D’altronde, è chiaro che una riforma impostata prevalentemente come delega al Governo, ai sensi dell’art.76 Cost., non può che lasciare rilevanti spazi al legislatore delegato e alla sua opera di attuazione, pur nel quadro di “principi e criteri direttivi “ precisamente determinati : sicchè “ Il legislatore delegato…dovrà arricchire il carattere vincolato di questa discrezionalità, a tratti carente in alcuni punti della legge n.134/2021 “ , caratterizzandosi questa, inevitabilmente, come una “ riforma in fieri “ ( M. Donini, op. cit., p. 608 ).
Riforma “in fieri “, certamente, ma ricca di contenuti innovativi sul piano processuale ed anche sostanziale, così da poter essere qualificata come “ …una riforma di sistema che attraversa l’intero settore della giurisdizione penale …” ( così A. Spataro, op. cit., p. 660 ).
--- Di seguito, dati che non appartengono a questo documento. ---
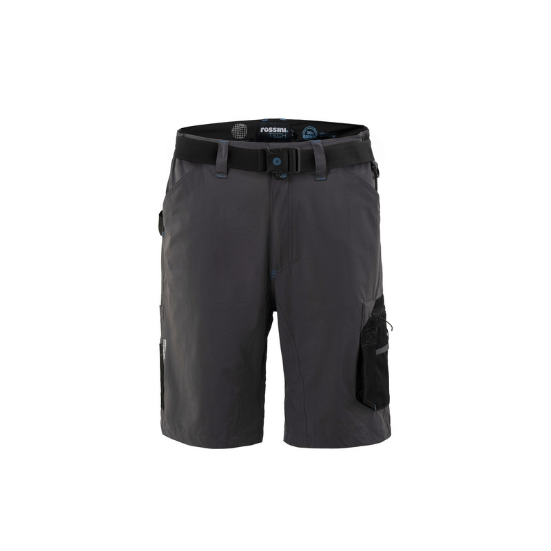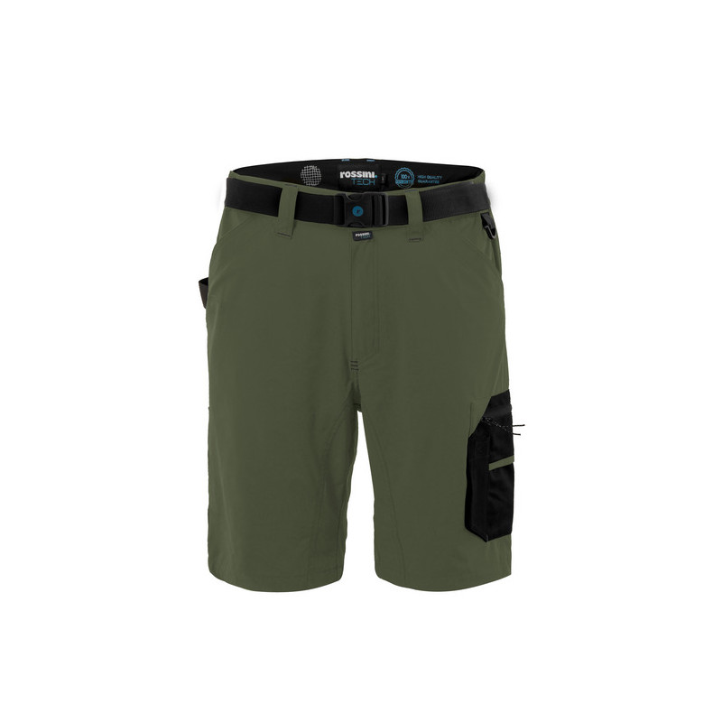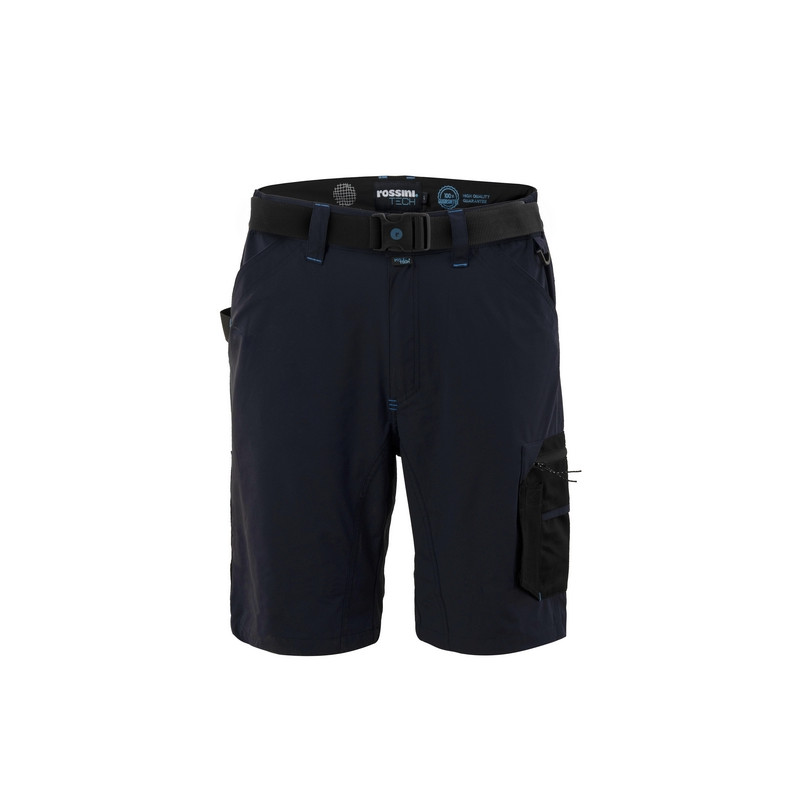 Bermuda da lavoro in tessuto stretch nelle quattro direzioni, ultraleggero e traspirante, elastici laterali in vita e passanti, inserto in rete di colore a contrasto nella zona renale. Chiusura alla patta con zip e bottone in metallo con finitura effetto rame. Pratica cintura estraibile in poliestere, regolabile con fibbia a chiusura automatica. Inserto in poliestere sul fianco destro ed anello di plastica inserito sul fianco sinistro utili per appendere accessori e strumenti. Due ampie tasche anteriori, tasca laterale porta metro applicata su gamba destra con ulteriore taschino in tessuto Ripstop, tascone laterale applicato sulla gamba sinistra chiuso con zip e con ulteriori due taschini, uno in tessuto Ripstop ed uno in mesh di poliestere. Due tasche posteriori, una a destra chiusa con aletta e velcro, una a sinistra chiusa con zip. Profilo rifrangente orizzontale inserito sul fondo gamba posteriore. Cavallo con doppio tessuto e tripla cucitura.
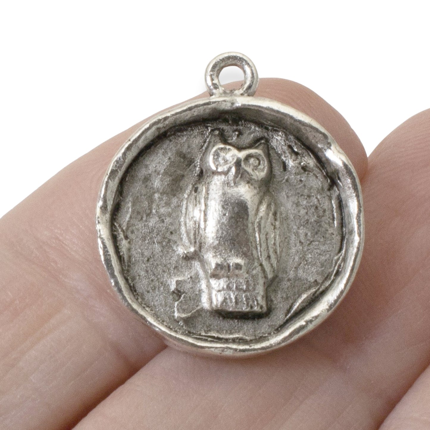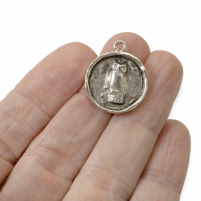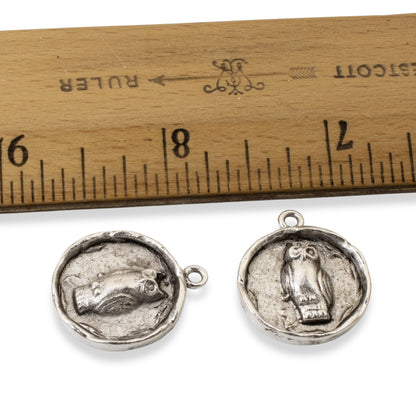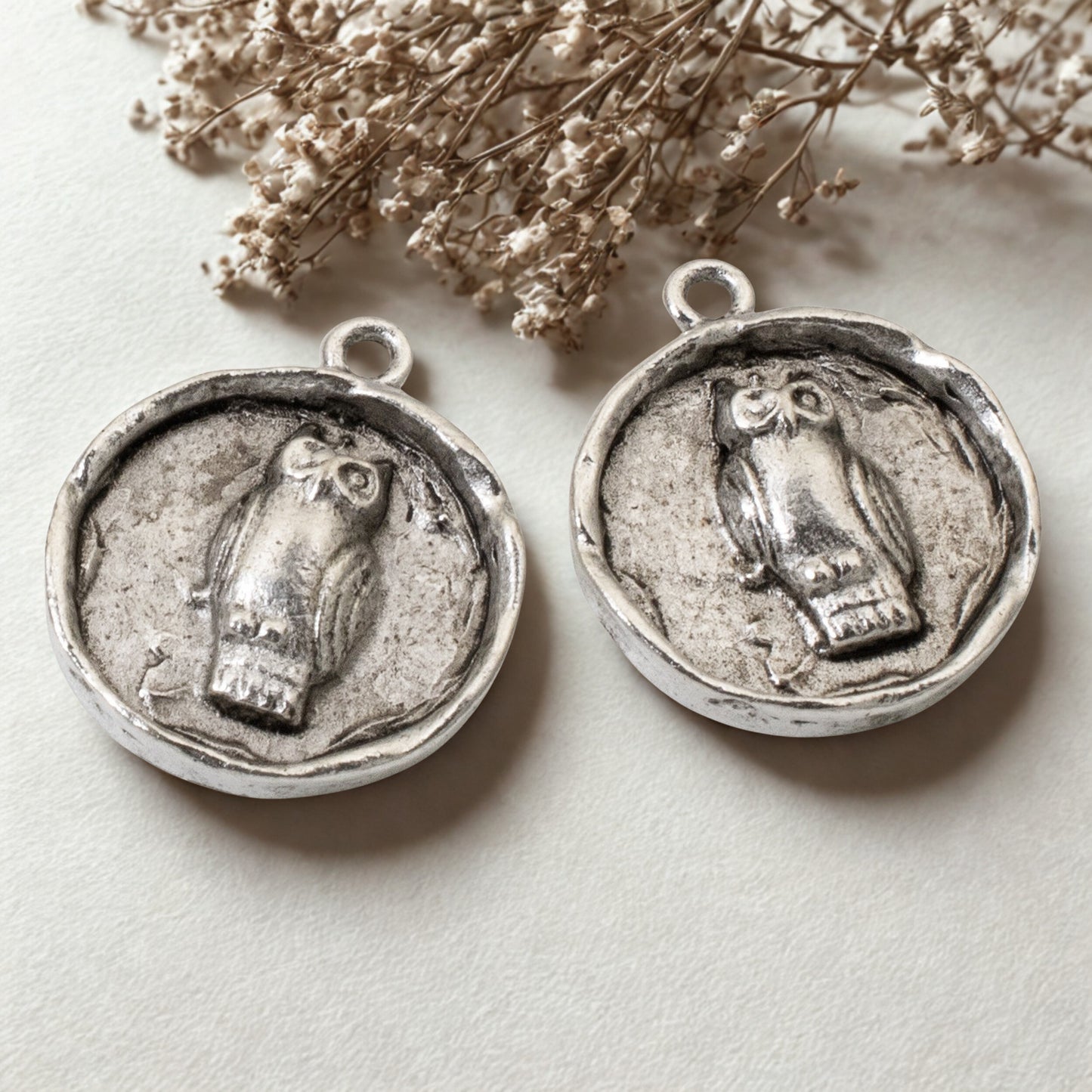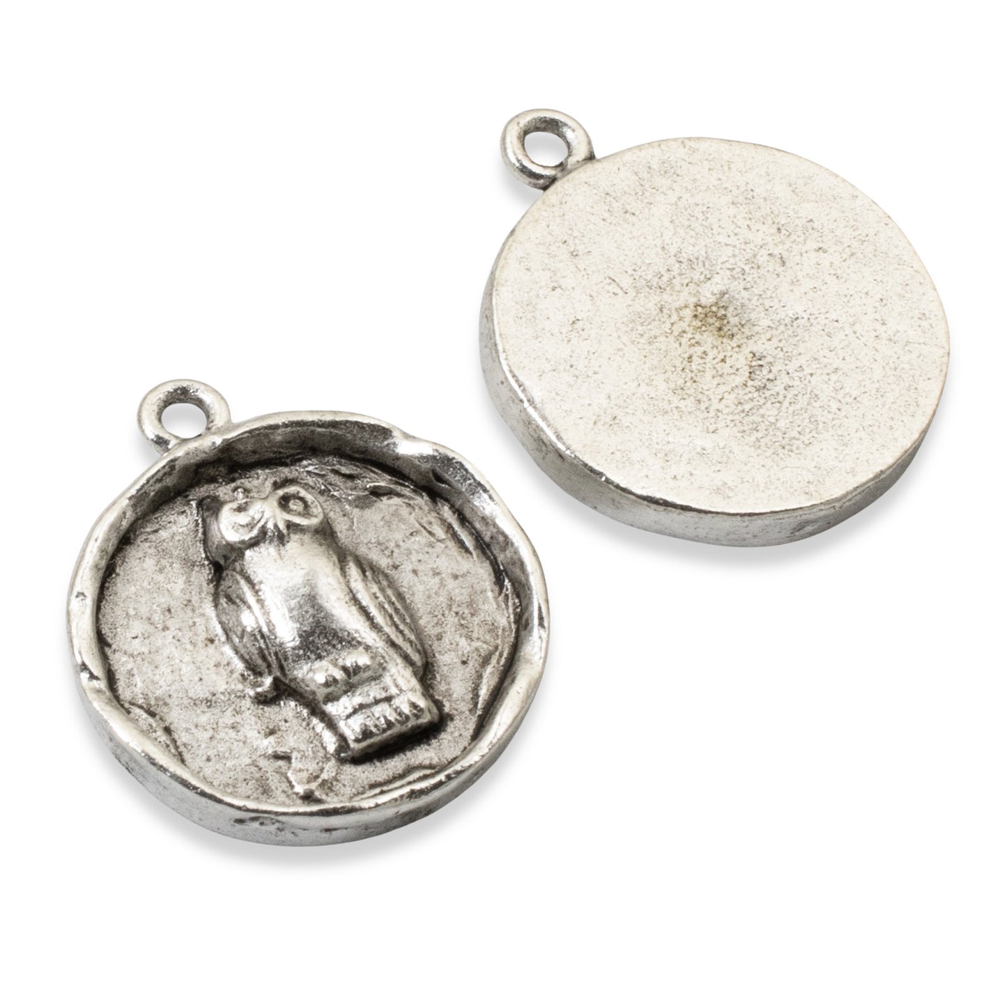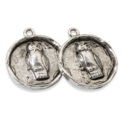 Create meaningful jewelry that celebrates wisdom, intuition, and the mystical beauty of nature's most enigmatic creature! These stunning silver owl charms feature an intricate raised medallion design that transforms any project into a treasured piece filled with ancient symbolism and spiritual significance.

Venendo solo per un momento al punto della riforma sul quale si è concentrato il dibattito politico e mediatico, cioè al tema della prescrizione e della improcedibilità, è indubbio che la scelta legislativa adottata ( v. art. 2, commi 1 e 2 ) sia opinabile e suscettibile di critiche sul piano tecnico, come testimoniato dagli interventi di segno diverso degli studiosi : ciò che non si può accettare, tuttavia, sono le critiche scomposte e aprioristiche alla introduzione dei termini di improcedibilità nei giudizi di impugnazione ( di cui al nuovo art.344-bis c.p.p.), mosse “ con toni da crociata “ anche da “ alcuni magistrati “, essendosi osservato proprio da un ex-Procuratore della Repubblica che “ …si è diffuso un allarmismo mediatico sugli esiti della improcedibilità ( definita una sorta di amnistia mascherata che creerebbe sacche d’impunità o manderebbe in fumo centinaia di migliaia di processi ) davvero fuori misura, se si considerano le misure preventive già ricordate, finalizzate anche a evitare che un largo numero di processi approdi in appello. “ ( A. Spataro, op. cit., p. 656 ).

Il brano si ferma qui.